Exercise directions —
Retype the listing exactly, minus its pictures.

Given material —
________________
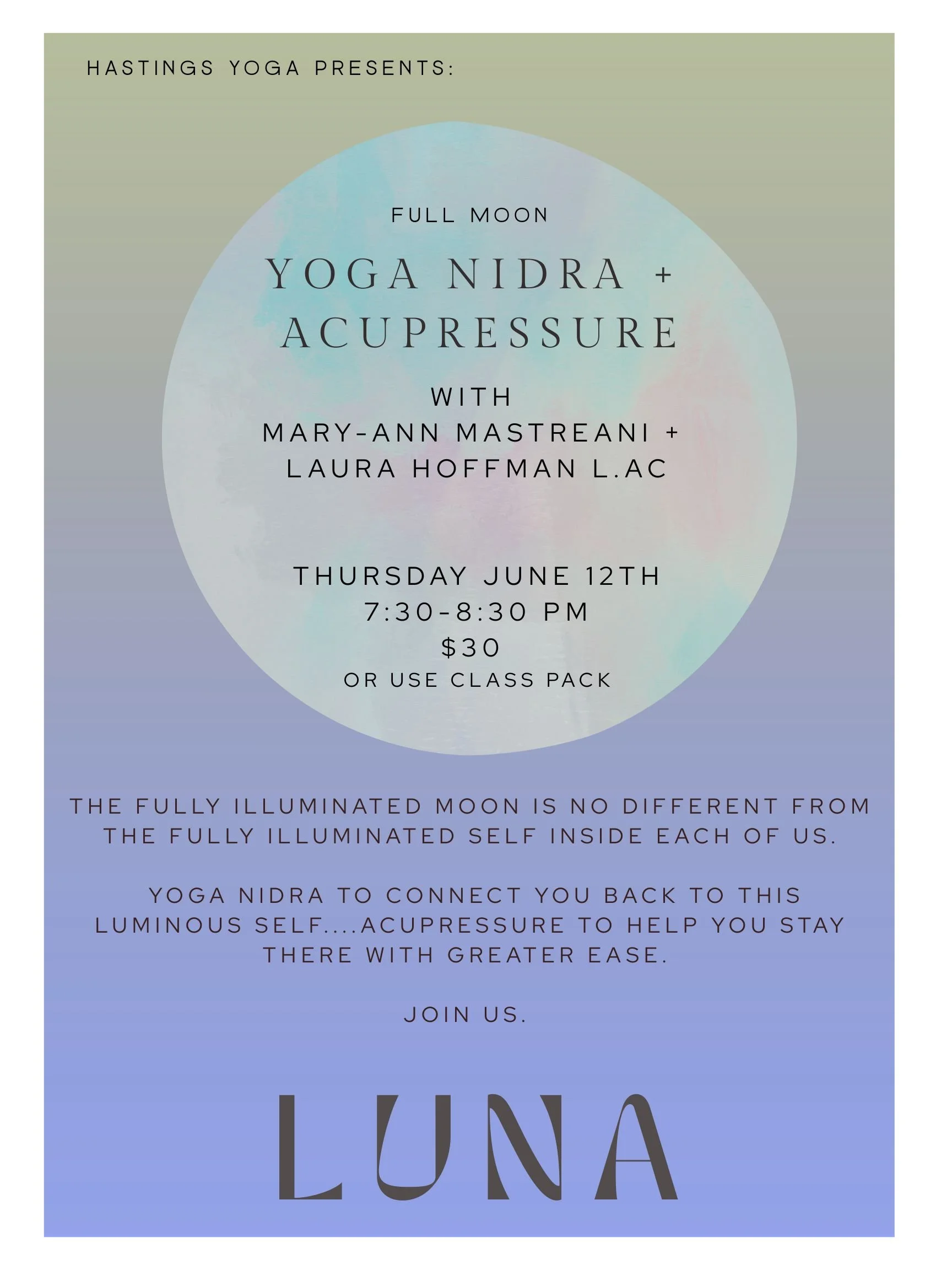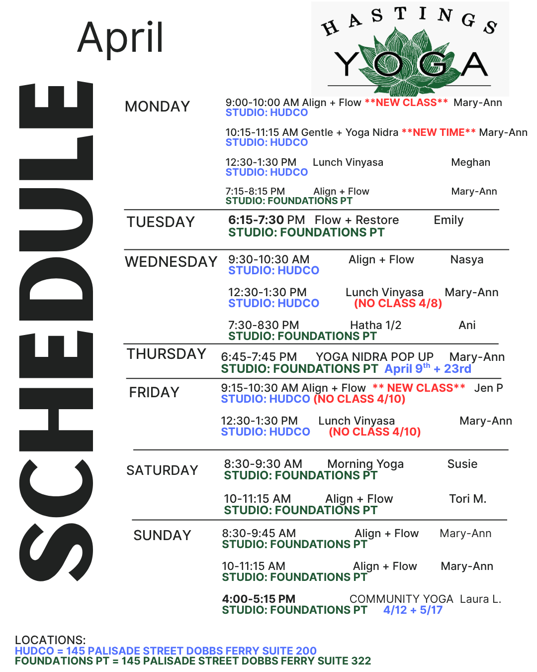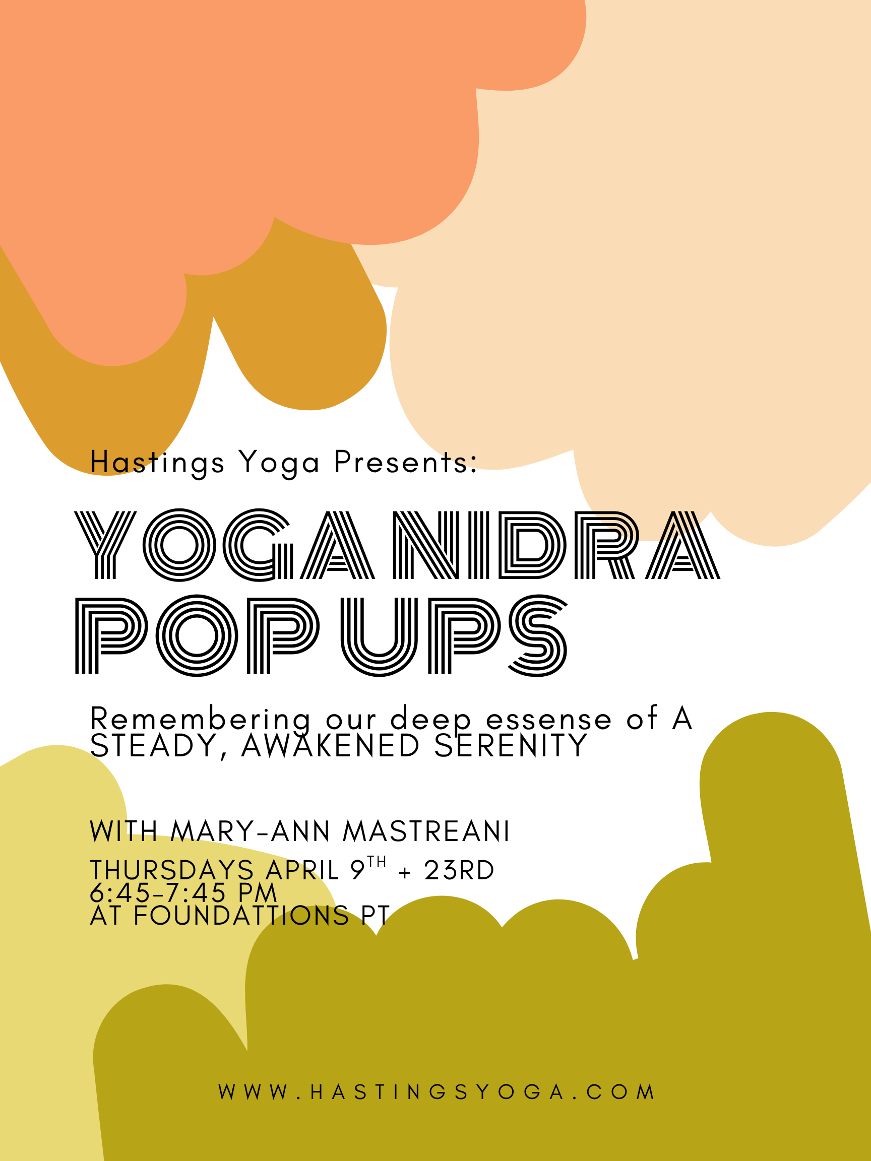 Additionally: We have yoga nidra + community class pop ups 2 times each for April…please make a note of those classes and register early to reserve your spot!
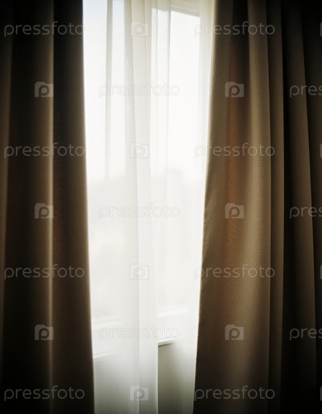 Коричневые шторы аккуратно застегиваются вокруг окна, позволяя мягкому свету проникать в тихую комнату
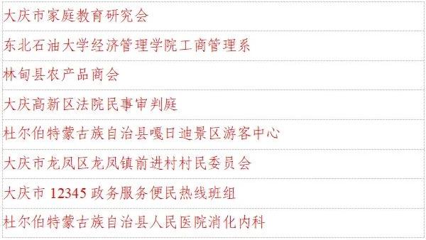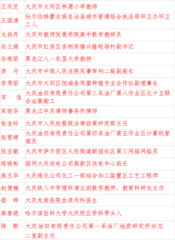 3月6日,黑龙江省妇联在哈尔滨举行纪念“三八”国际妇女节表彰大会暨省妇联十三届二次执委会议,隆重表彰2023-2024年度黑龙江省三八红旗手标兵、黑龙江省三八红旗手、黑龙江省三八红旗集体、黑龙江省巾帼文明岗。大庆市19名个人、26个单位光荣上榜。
________________
Answer to this task —
 Additionally: We have yoga nidra + community class pop ups 2 times each for April…please make a note of those classes and register early to reserve your spot!
 Коричневые шторы аккуратно застегиваются вокруг окна, позволяя мягкому свету проникать в тихую комнату
 3月6日,黑龙江省妇联在哈尔滨举行纪念“三八”国际妇女节表彰大会暨省妇联十三届二次执委会议,隆重表彰2023-2024年度黑龙江省三八红旗手标兵、黑龙江省三八红旗手、黑龙江省三八红旗集体、黑龙江省巾帼文明岗。大庆市19名个人、26个单位光荣上榜。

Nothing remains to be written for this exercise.